Exercise aim:
What's needed is an exact copy of all the data below, without pictures.

Material provided:
++++++++
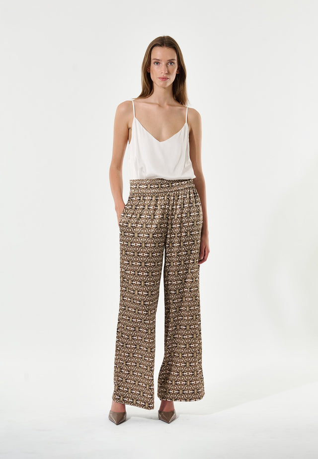 Gathered onto an elasticated waist and with a regular fit straight leg, these silk pants in a stylish graphic print are the perfect easy trousers to match with a shirt or knit top for either day or evening. Side pockets give an extra element of ease.
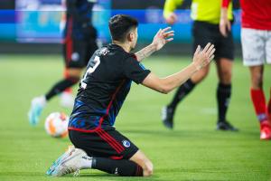 SpillerMohamed ElyounoussiGabriel PereiraSilkeborg - F.C. København - 06/10-2024 Player celebrations/greetings Tobias Kongsvang
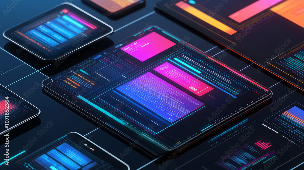 Wall mural : Building websites and apps that work well on all devices, like phones, tablets, and computers - this
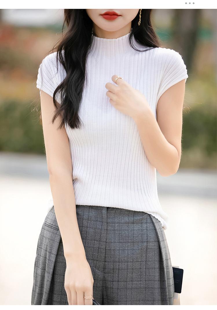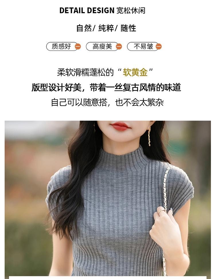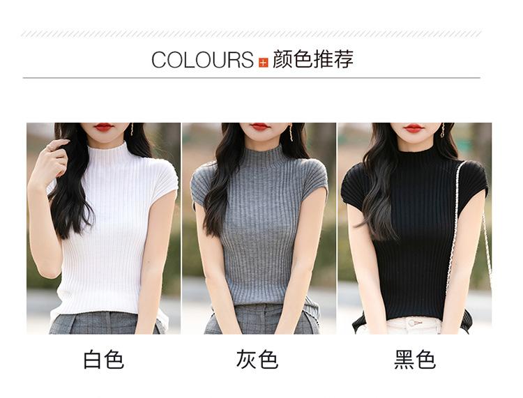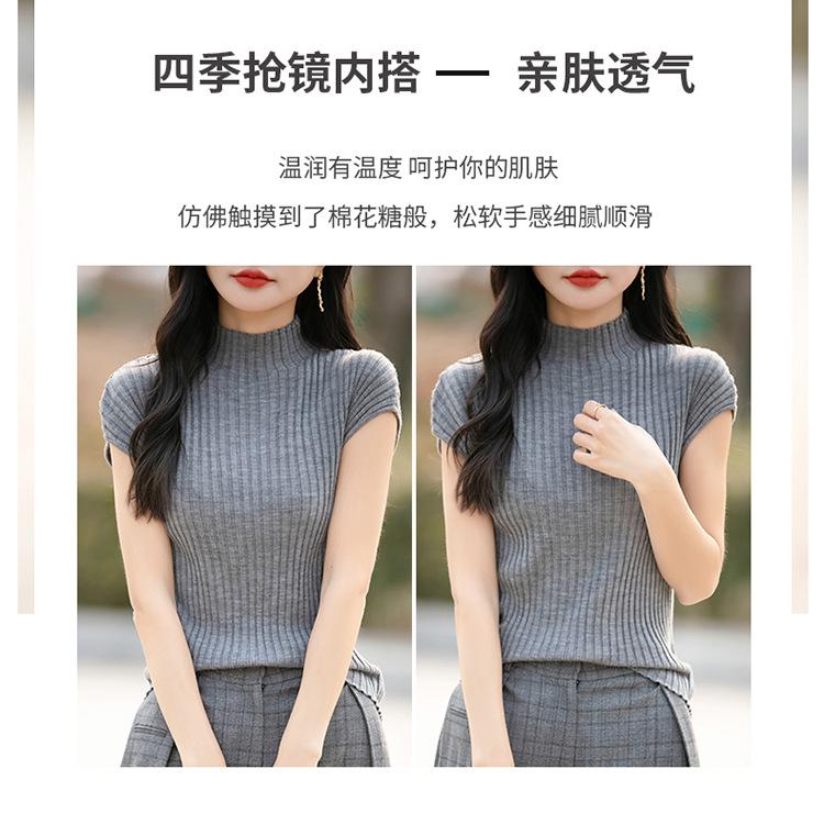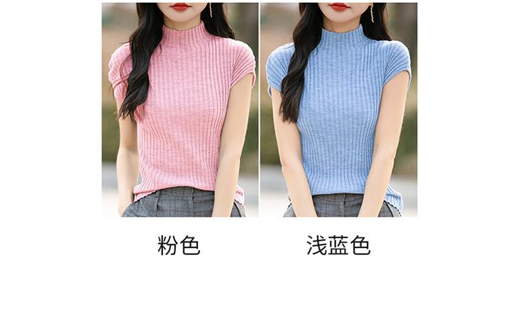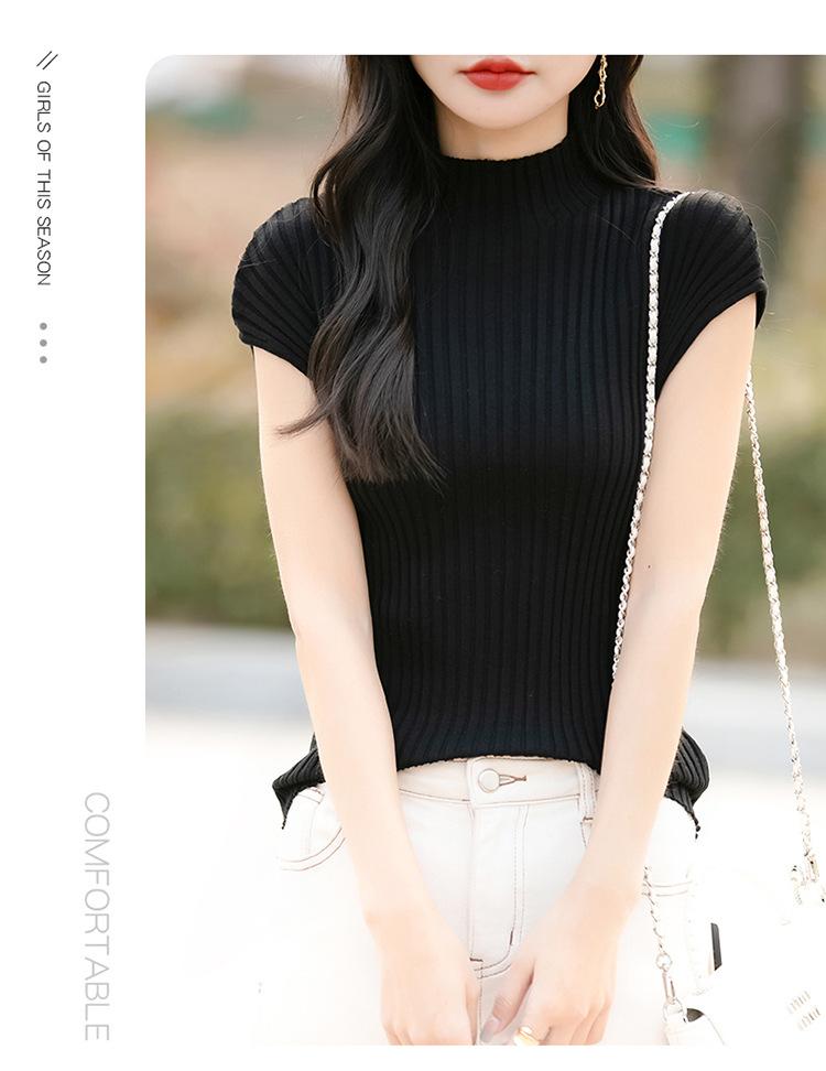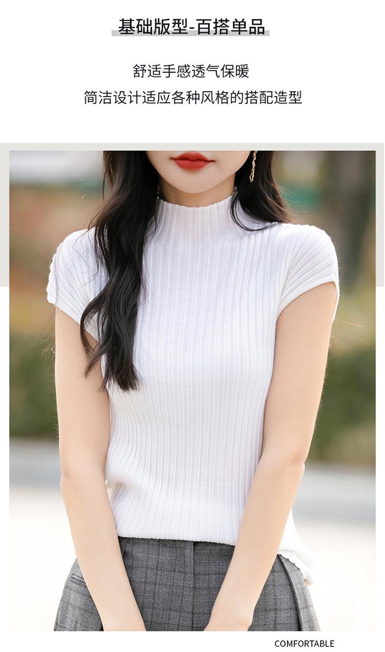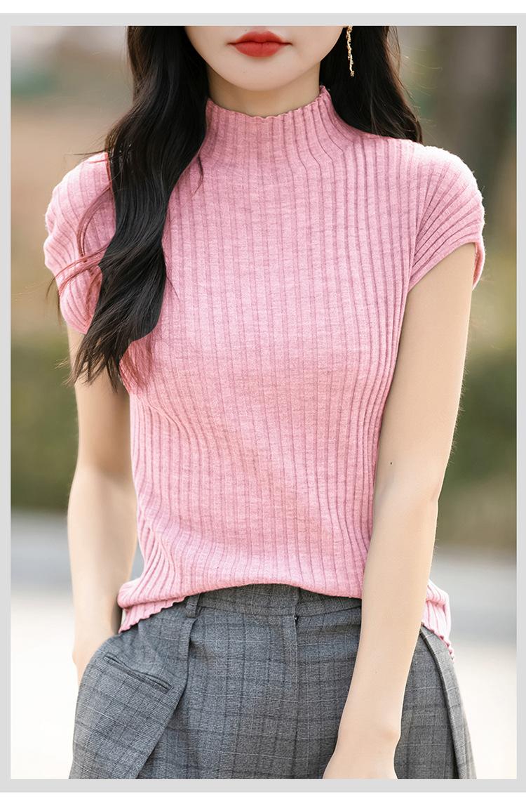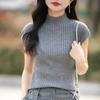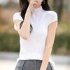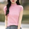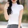 Suéter de Lana Peinada de Cuello Semialto de Primavera 2025 de Nueva Llegada de Manga Corta Color Sólido Holgado Básico para Mujer
++++++++
Your solution:
 Gathered onto an elasticated waist and with a regular fit straight leg, these silk pants in a stylish graphic print are the perfect easy trousers to match with a shirt or knit top for either day or evening. Side pockets give an extra element of ease.
 SpillerMohamed ElyounoussiGabriel PereiraSilkeborg - F.C. København - 06/10-2024 Player celebrations/greetings Tobias Kongsvang
 Wall mural : Building websites and apps that work well on all devices, like phones, tablets, and computers - this
 Suéter de Lana Peinada de Cuello Semialto de Primavera 2025 de Nueva Llegada de Manga Corta Color Sólido Holgado Básico para Mujer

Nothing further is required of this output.